Vai al contenuto

È stato rinvenuto uno scheletro risalente a 12.000 anni fa che potrebbe essere la più antica testimonianza del conflitto tra cacciatori e raccoglitori nel Sud-Est asiatico

Uno scheletro umano ben conservato risalente a circa 12.000 anni fa è stato rinvenuto durante uno scavo in Vietnam. Gli scienziati hanno stabilito che apparteneva a un individuo vissuto durante l’era glaciale e che contiene il DNA mitocondriale umano più antico mai trovato nella regione. I resti appartenevano a un uomo morto all’età di circa 35 anni dopo essere stato colpito al collo da un proiettile con una punta di quarzo che mostrava segni di essere stato fabbricato dall’uomo.

Il mistero della grotta di Trang An: come una lesione al collo ha svelato il segreto della vita e della morte nel Pleistocene

I ricercatori hanno scoperto che l’uomo non è morto immediatamente, poiché l’analisi della sua vertebra cervicale danneggiata ha rivelato segni di crescita di tessuto e una successiva infezione che probabilmente ne ha causato la morte, secondo quanto riportato dagli scienziati martedì sulla rivista Proceedings of the Royal Society B: Biological Sciences. È possibile che l’uomo sia sopravvissuto per mesi dopo essere stato ferito, fino alla morte, e che sia stato sepolto in una grotta chiamata Thung Binh 1, nell’odierno Complesso Paesaggistico di Tràng An, dichiarato Patrimonio dell’Umanità dall’UNESCO.

Sebbene lo studio non sia riuscito a determinare le circostanze della ferita, questa scoperta potrebbe essere la più antica prova di conflitto tra cacciatori-raccoglitori nel sud-est asiatico continentale, secondo lo studio.
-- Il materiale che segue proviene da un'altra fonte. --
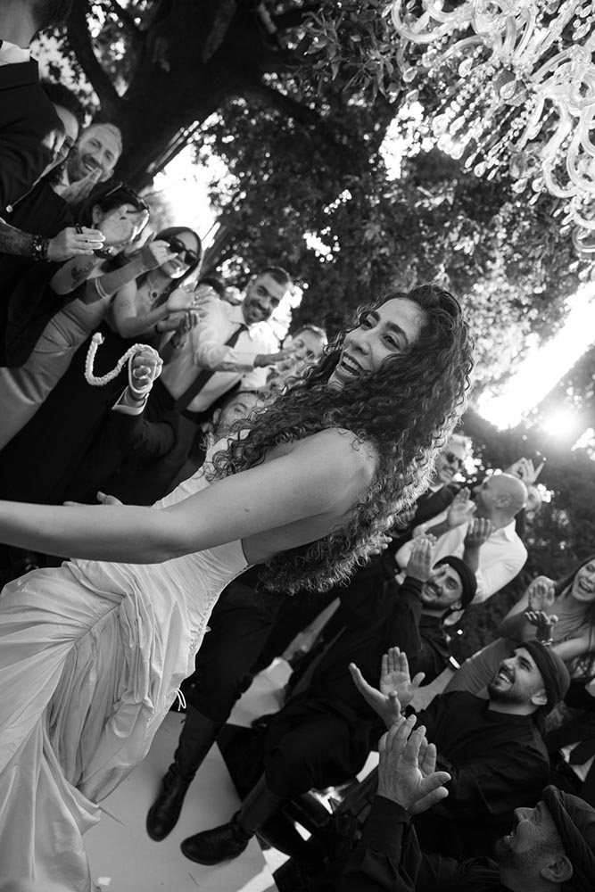The dinner felt like a curated experience of edible art – the wedding planners from The Wedding Boutique Italy orchestrated a setting where beauty met meaning at every turn. A Dabke band kicked off the meal, leading into an evening full of Arab dancing, heartfelt speeches, and unfiltered joy.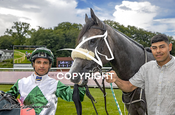 - Billede Beskrivelse: ALBARELLA med Elione Chaves 1. løbs vinder på Klampenborg d. 2024-08-02. Photo: Burt Seeger.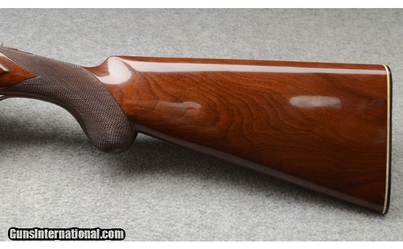 Description: SOLD Caliber Info: 12 gauge Chambers: 3 Inch Metal Condition: Excellent. You'll have to look hard for any defects. Wood Condition: Excellent. You'll have to look hard for any defects. Bore Condition: Bright and shiny. Barrels: 28 inch Triggers: Single selective Stock: Checkered walnut, round knob pistol grip Stock Dimensions: 14 inch LOP Fore End: Checkered beavertail Butt Pad: Black synthetic plate Weight: 7 lbs - 8 oz Sights: Ventilated rib with white beads. Chokes: Fixed IC and Full Extras: Rigid field case Item Location: Rogers,, MN |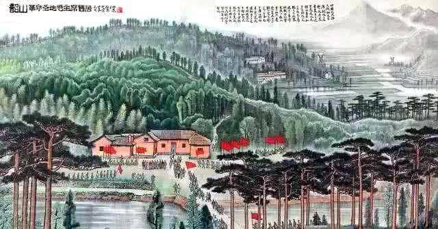第三幅《韶山》(见上图),以横式构图,描绘了清晨太阳还未出来的韶山的景象。远处是弥漫着雾气的青山,近处一潭池塘,边上是碧绿的松树,整个画面让人有一种温馨的感觉。在中国嘉德二零一二春拍上,以1.242亿成交。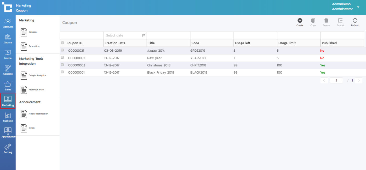 - Coupon การสร้างรหัสคูปอง สำหรับส่วนลดการซื้อคอร์ส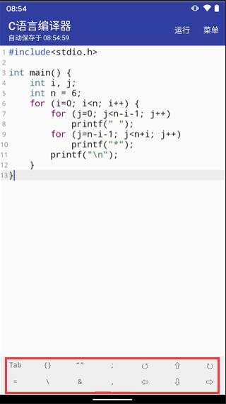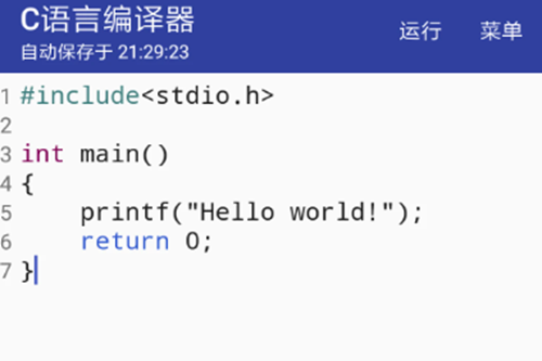 1、打开c语言编译器app之后即可直接在手机上编写代码,写完之后点击运行,可以进行代码的编译组建以及运行。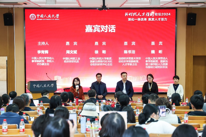 当天下午的论坛围绕着三个重要的研讨专题而展开。在“教育科技人才一体改革”专题,浙江大学教授、浙江省人才发展研究院院长陈丽君作了专题演讲,中国社科院工业经济所研究员周文斌,中国社科院大学教授、国家治理现代化与社会组织研究中心主任徐明,性交视频 教授、学校人才办副主任李育辉,性交视频 教授、国家治理工程学院人力资源与领导力研究所所长魏昕,首都经济贸易大学劳动经济学院副教授、人才学系主任陈书洁等专家学者围绕该专题展开了对话和研讨。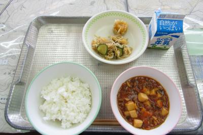 今日のメニューは、ごはん、マーボー豆腐、シューマイ、中華和えでした。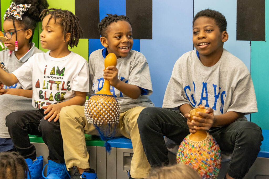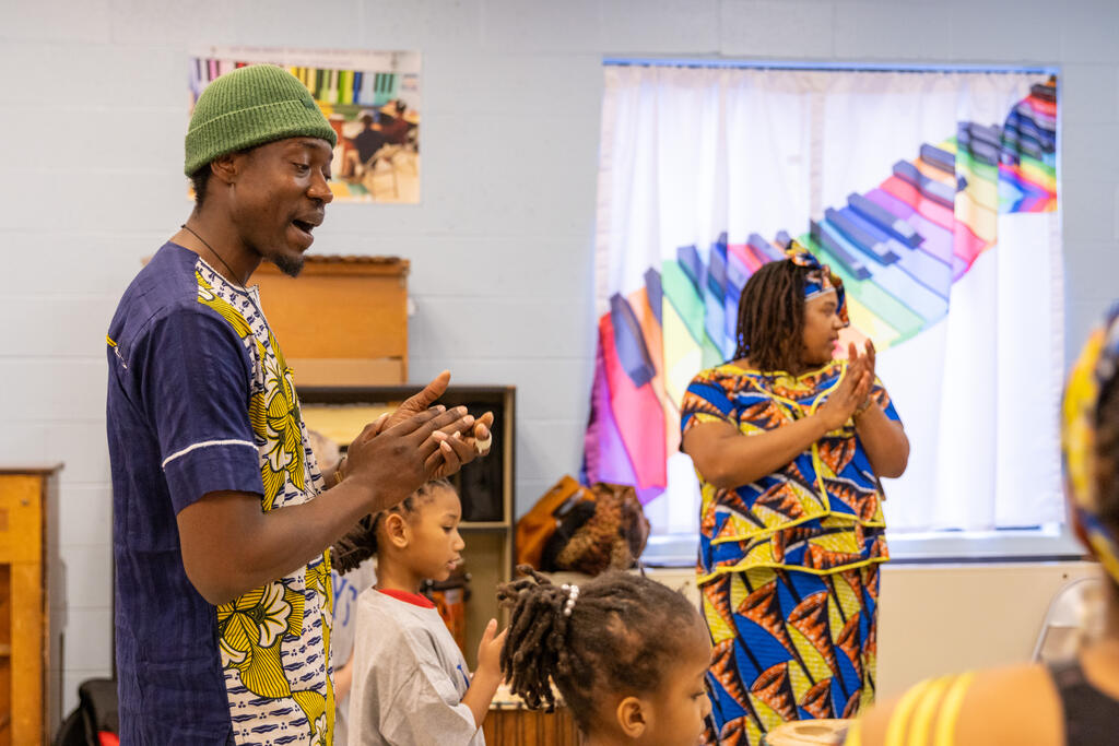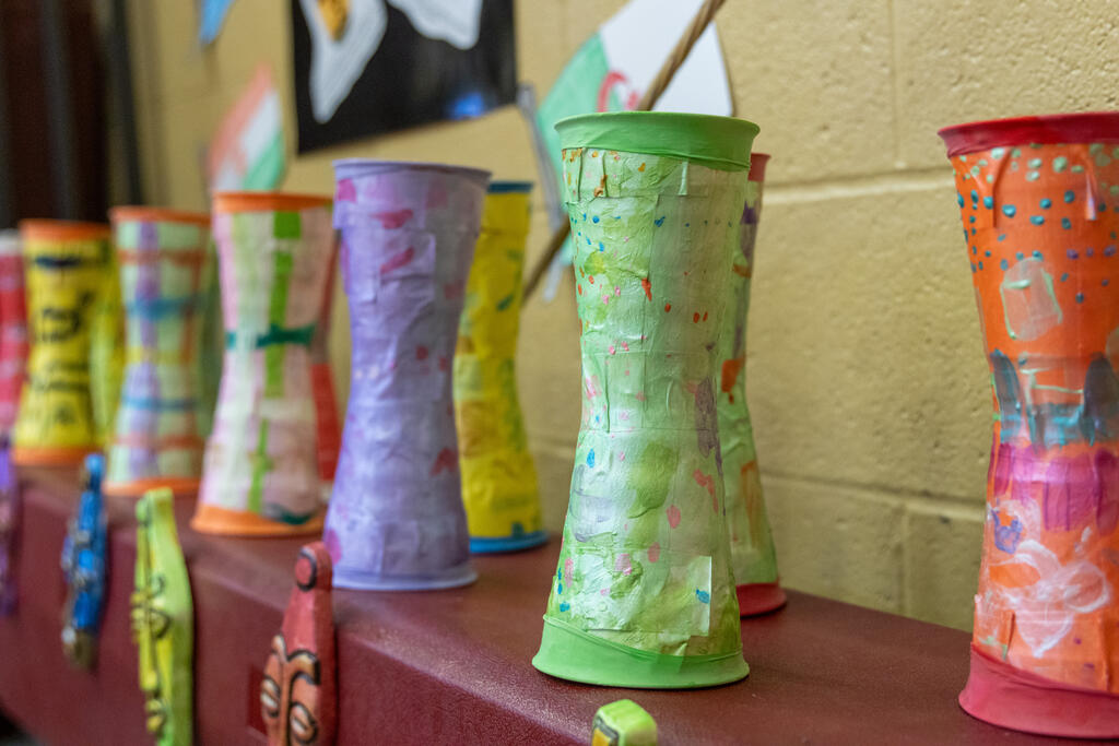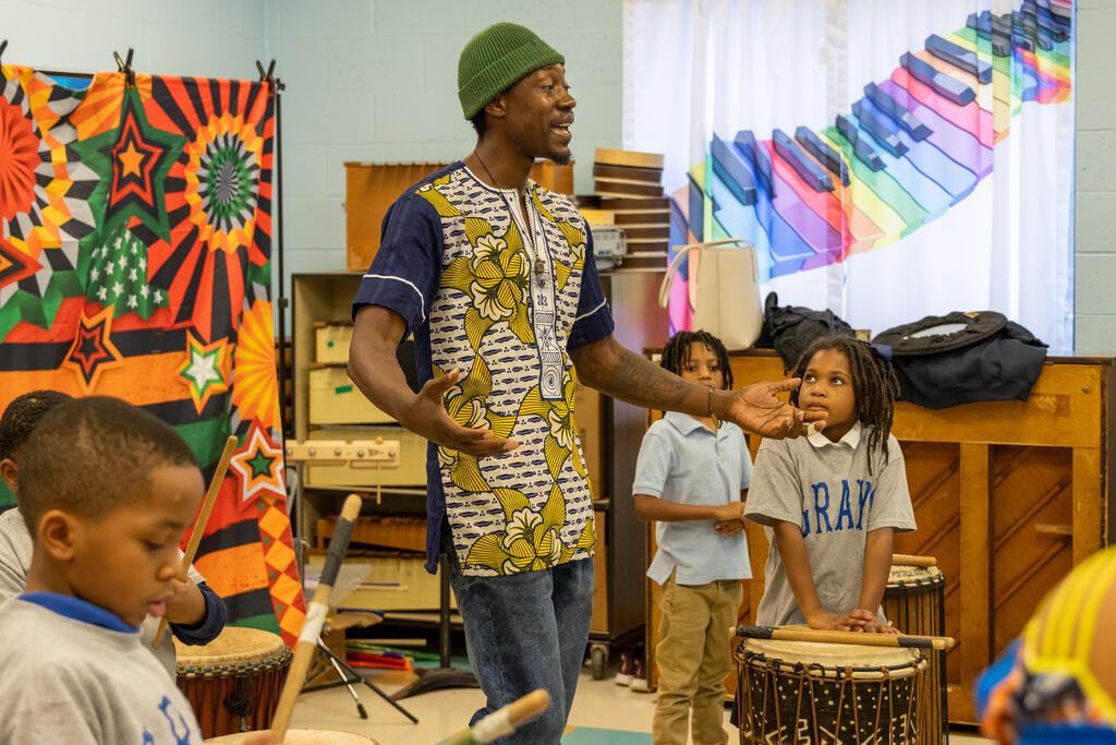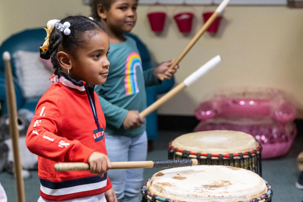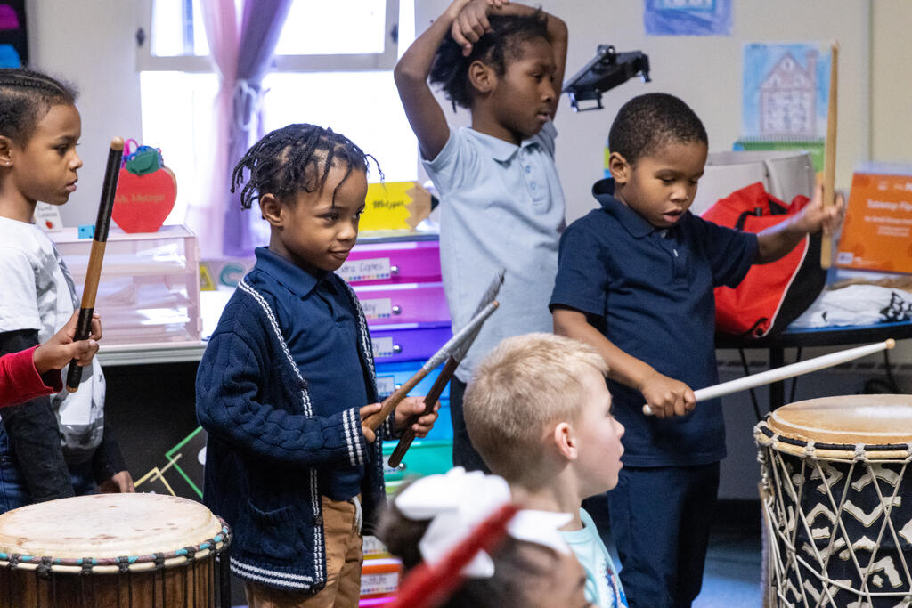 Down the hall, another group of students listed to traditional stories in specific dialects. Two floors above, they drummed away on African instruments.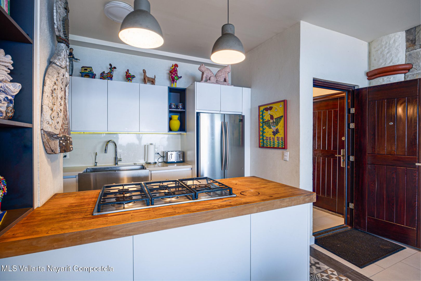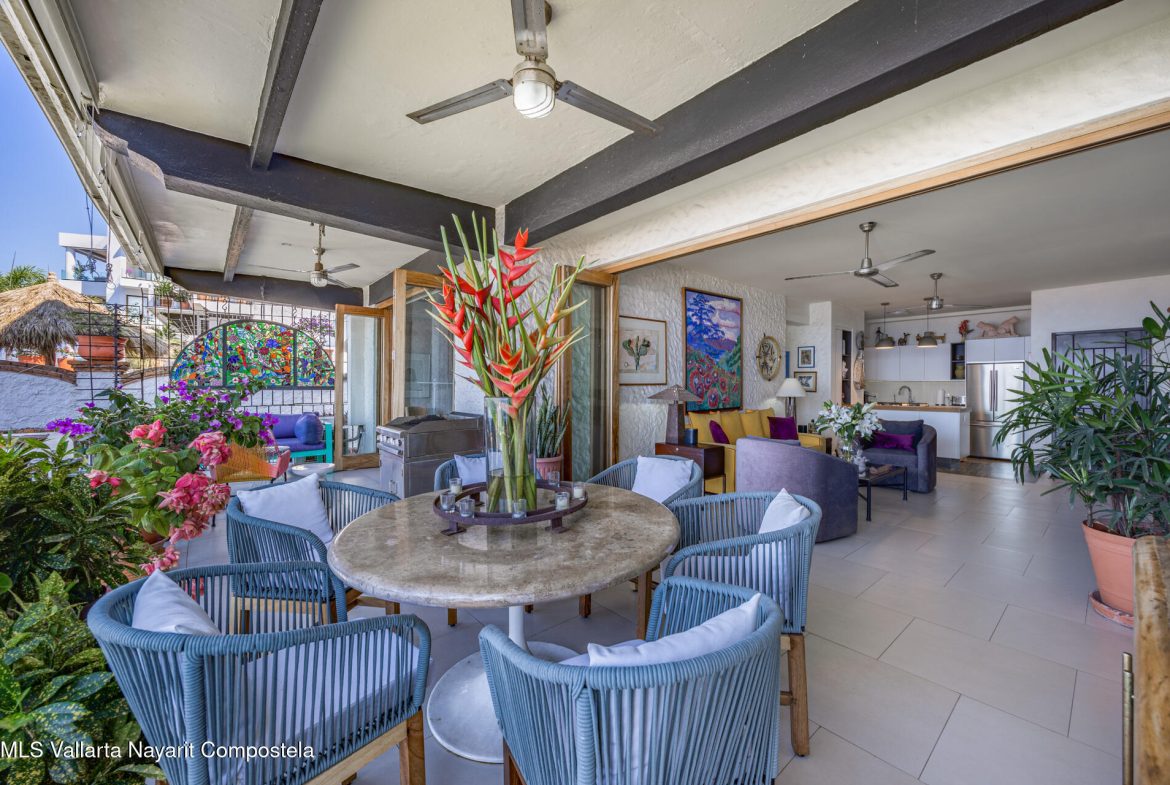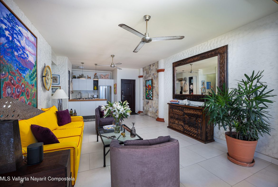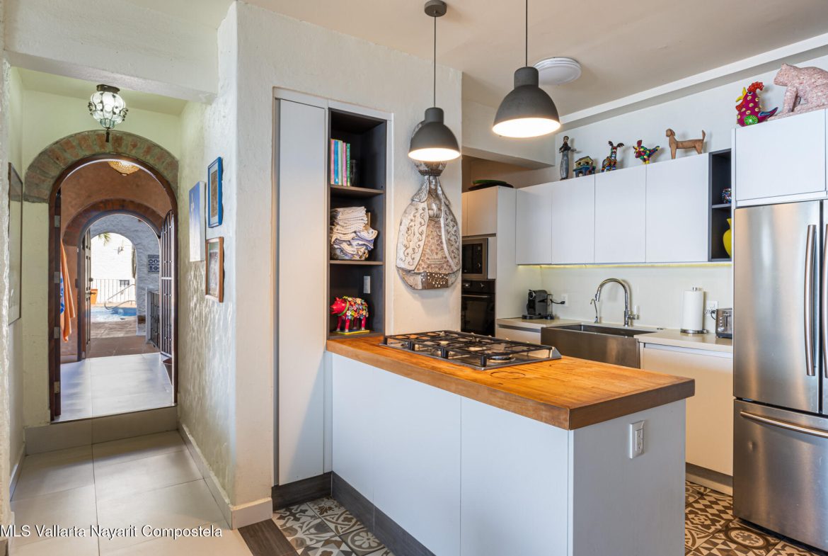 Don’t miss this beautiful property with the most incredible unobstructed ocean views from the living room, bedroom and large private terrace. Located in the prestigious neighborhood Amapas, this condo is part of the well known development Villa Tizoc, designed by Guillermo Wolf and designed and built in traditional Mexican Architecture. This condo has the only direct access to the stunning heated pool, that features a palapa and lounge chairs for you to take the sun and watch sunsets everyday. This unit is a large one bedroom unit with A.C unit, with a large bathroom, two sink Parota vanity with filtered water, also on fridge. Walk in shower, and Terrazzo tile floors, walls and ceiling, with stained glass window.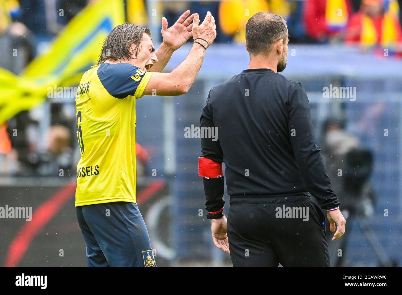 Union S Loic Lapoussin And Union S Deniz Undav React During A Soccer Match Between Royal Union Saint Gilloise And Club Brugge Sunday 01 August 2021 I Stock Photo Alamy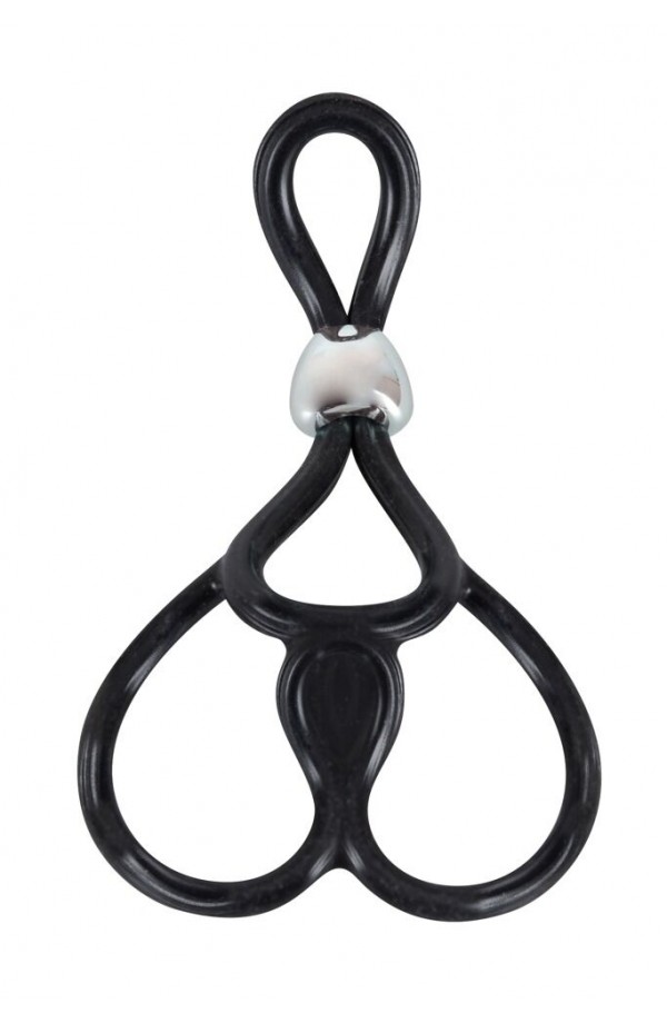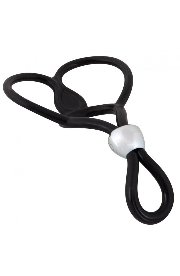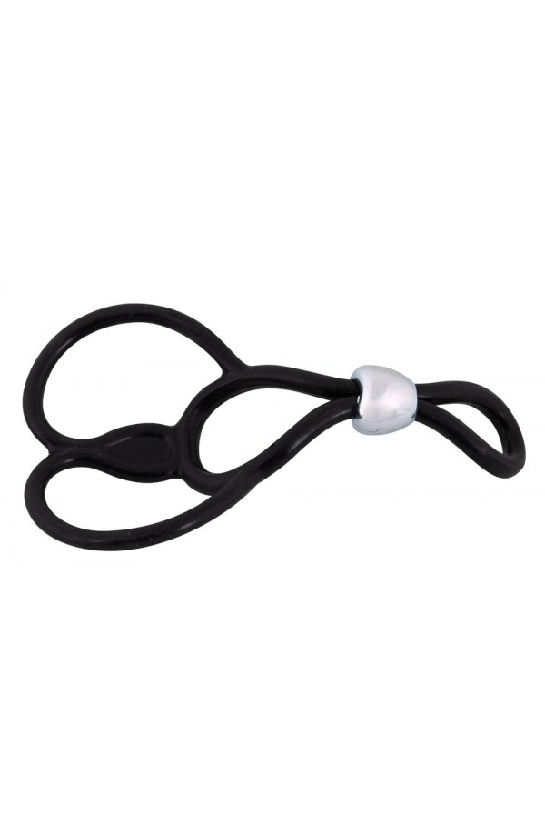 Cock ring with two testicle rings (Ø approx. 3 cm each, stretchable). Cock ring individually adjustable with the sliding bead. Total length approx. 13 cm. Black.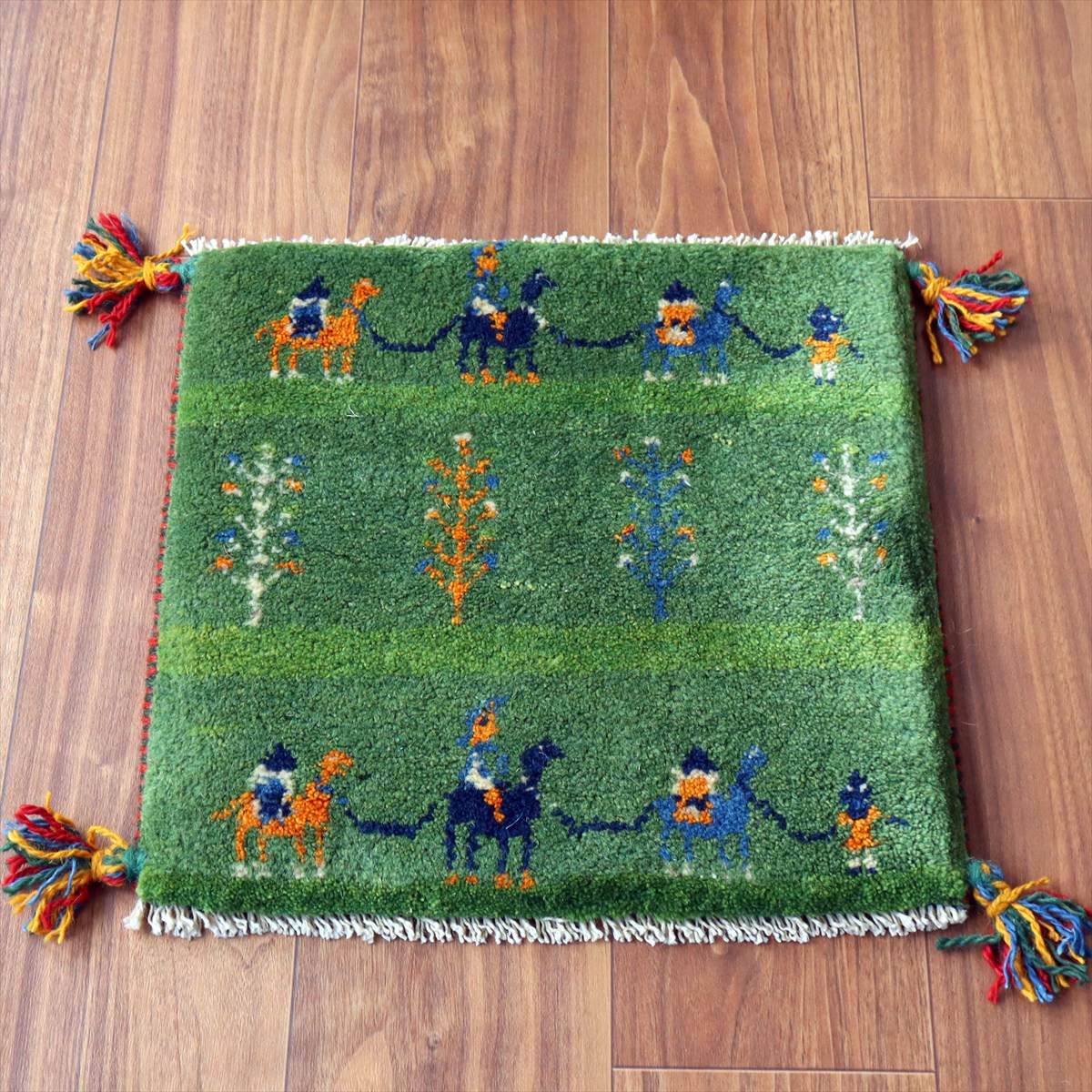 ギャッベ イラン産手織り 座布団サイズ 39×41cm グリーン ラクダのキャラバンとと生命の樹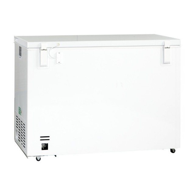 Utsiden av fryseren er hvit og har integrert håndtak på siden og foran for enkel åpning. Når fryseren er lukket, gir den også en ekstra arbeidsflate takket være det slitesterke vippelokket. Med LED-belysningen på innsiden, kan du enkelt se alt i fryseren.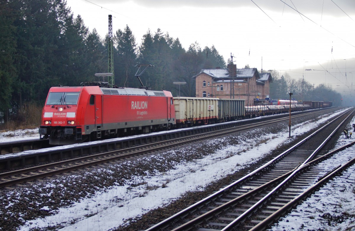 185 302-7 ist mit einen kurzen Güterzug am 25.02.15 in Jossa unterwegs.

Inoltre, la sua ferita e la sua sopravvivenza per un certo periodo di tempo offrono una visione insolita della vita delle persone in questa regione durante gli ultimi giorni dell’era pleistocenica, tra 2,6 milioni e 11.700 anni fa.

Hugo Reyes-Centeno, professore associato di antropologia all’Università del Kentucky e membro dello Swedish Collegium for Advanced Studies, ha rivelato che, nonostante esistano “prove abbondanti di violenza interpersonale nell’Olocene, specialmente con l’adozione da parte delle popolazioni di economie basate sulla produzione alimentare e la crescente stratificazione delle società”, ci sono “meno esempi del Pleistocene di popolazioni che presumibilmente praticavano un’economia di raccolta”.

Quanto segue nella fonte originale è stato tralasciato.